Exercise requirements
Give the listing again character for character, but drop the images.

[[ Supplied data, beginning ]]

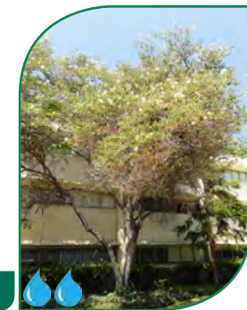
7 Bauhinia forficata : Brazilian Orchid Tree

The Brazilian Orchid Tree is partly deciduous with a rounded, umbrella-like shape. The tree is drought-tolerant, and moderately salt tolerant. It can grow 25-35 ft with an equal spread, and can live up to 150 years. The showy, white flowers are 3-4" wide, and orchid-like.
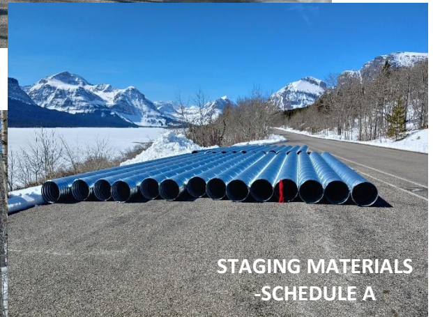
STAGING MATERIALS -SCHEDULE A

[[ Supplied data, end ]]

Exercise output
7 Bauhinia forficata : Brazilian Orchid Tree

The Brazilian Orchid Tree is partly deciduous with a rounded, umbrella-like shape. The tree is drought-tolerant, and moderately salt tolerant. It can grow 25-35 ft with an equal spread, and can live up to 150 years. The showy, white flowers are 3-4" wide, and orchid-like.
STAGING MATERIALS -SCHEDULE A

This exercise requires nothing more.